• _Activity_:
Transcribe the listing that follows in full, exactly, and drop its images.

• _Stored data_:
● ● ● ●

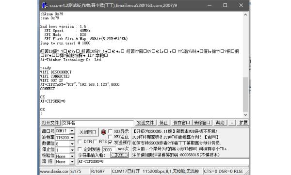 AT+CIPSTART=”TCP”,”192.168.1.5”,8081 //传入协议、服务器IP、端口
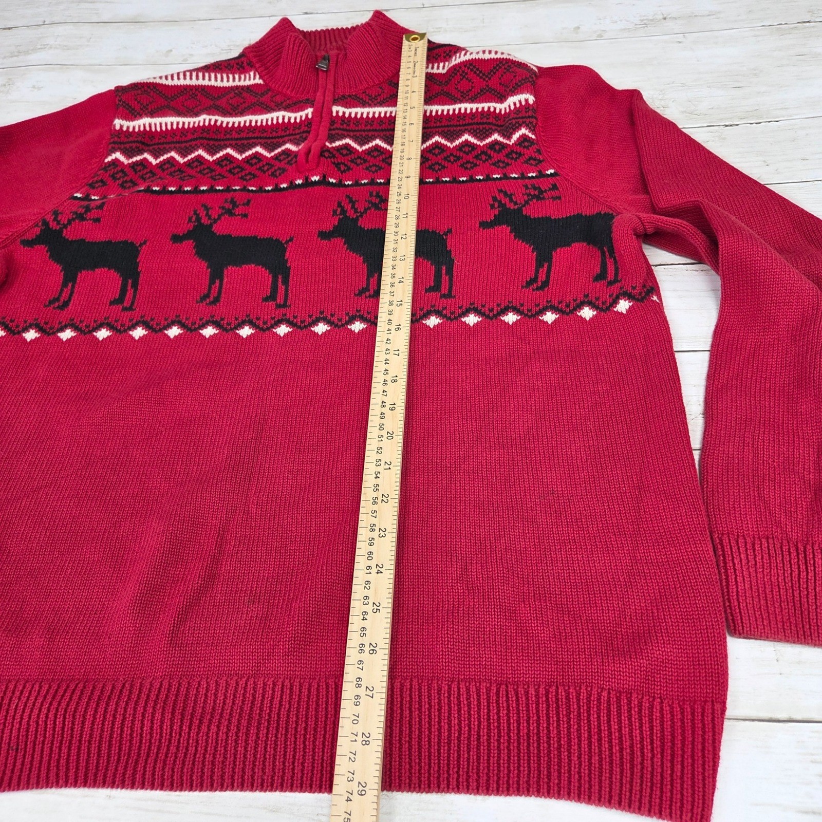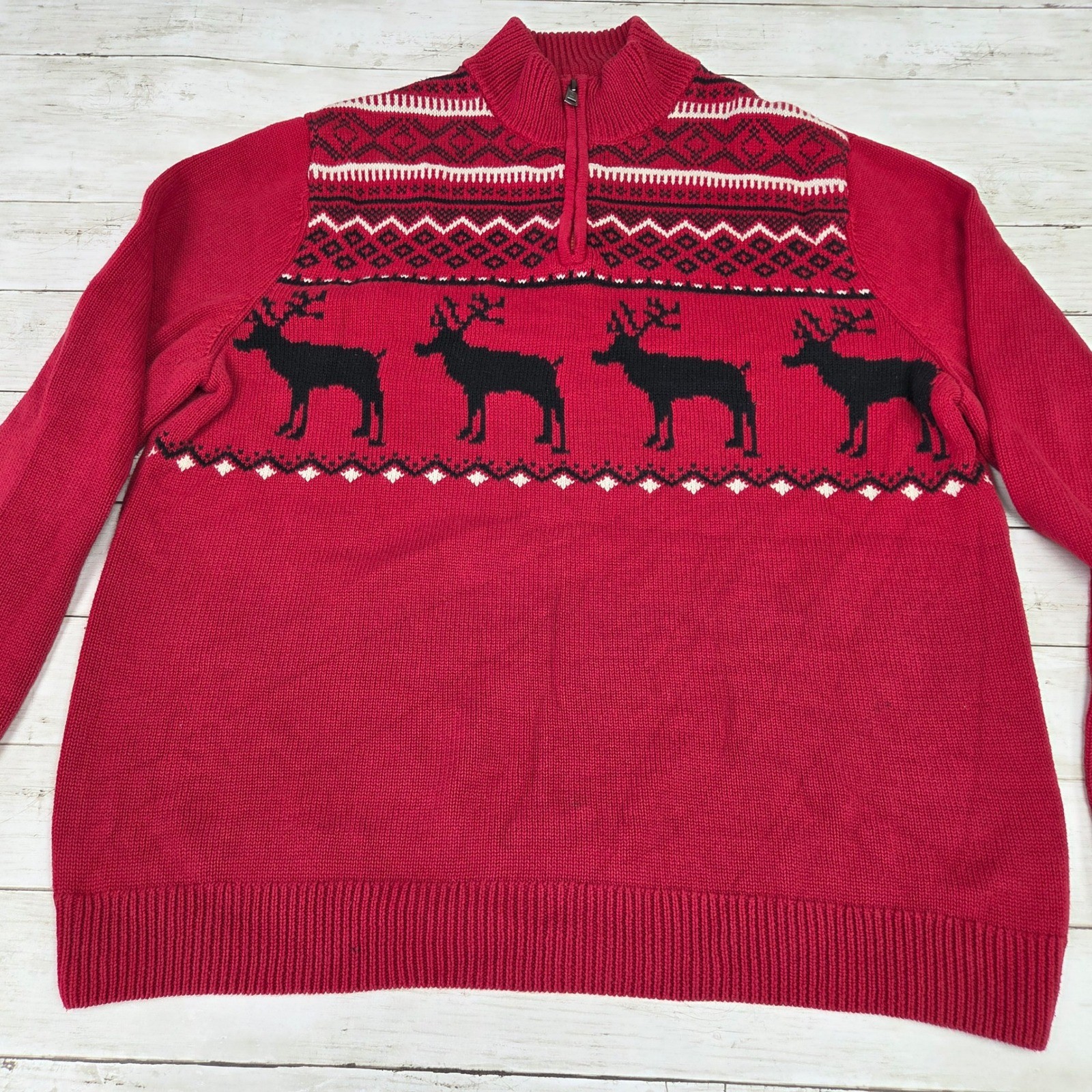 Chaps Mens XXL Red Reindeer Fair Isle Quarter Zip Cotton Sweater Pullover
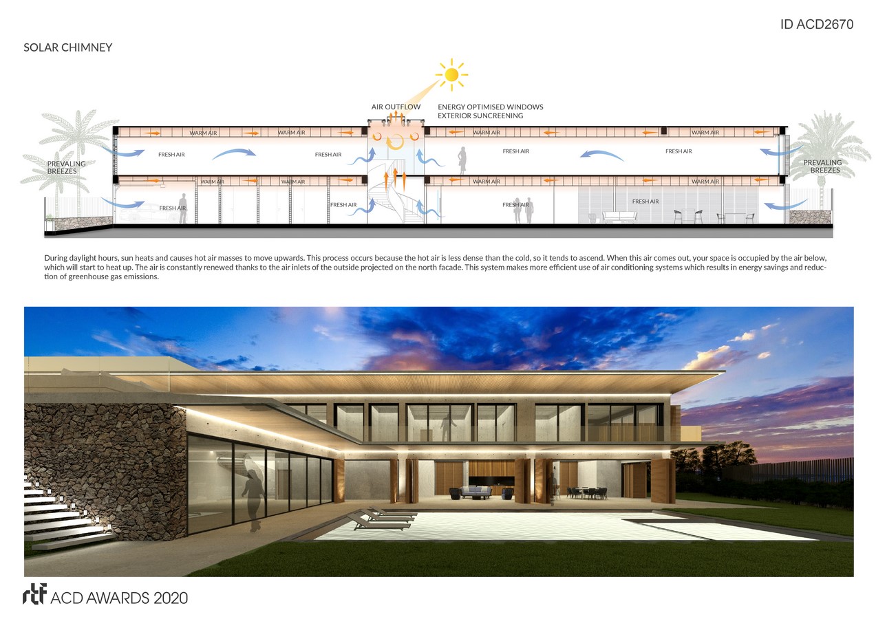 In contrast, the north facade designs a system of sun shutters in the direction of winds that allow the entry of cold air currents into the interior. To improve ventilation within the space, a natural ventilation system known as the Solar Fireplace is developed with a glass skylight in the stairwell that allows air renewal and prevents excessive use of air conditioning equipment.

● ● ● ●

• _Task result_:
 AT+CIPSTART=”TCP”,”192.168.1.5”,8081 //传入协议、服务器IP、端口
 Chaps Mens XXL Red Reindeer Fair Isle Quarter Zip Cotton Sweater Pullover
 In contrast, the north facade designs a system of sun shutters in the direction of winds that allow the entry of cold air currents into the interior. To improve ventilation within the space, a natural ventilation system known as the Solar Fireplace is developed with a glass skylight in the stairwell that allows air renewal and prevents excessive use of air conditioning equipment.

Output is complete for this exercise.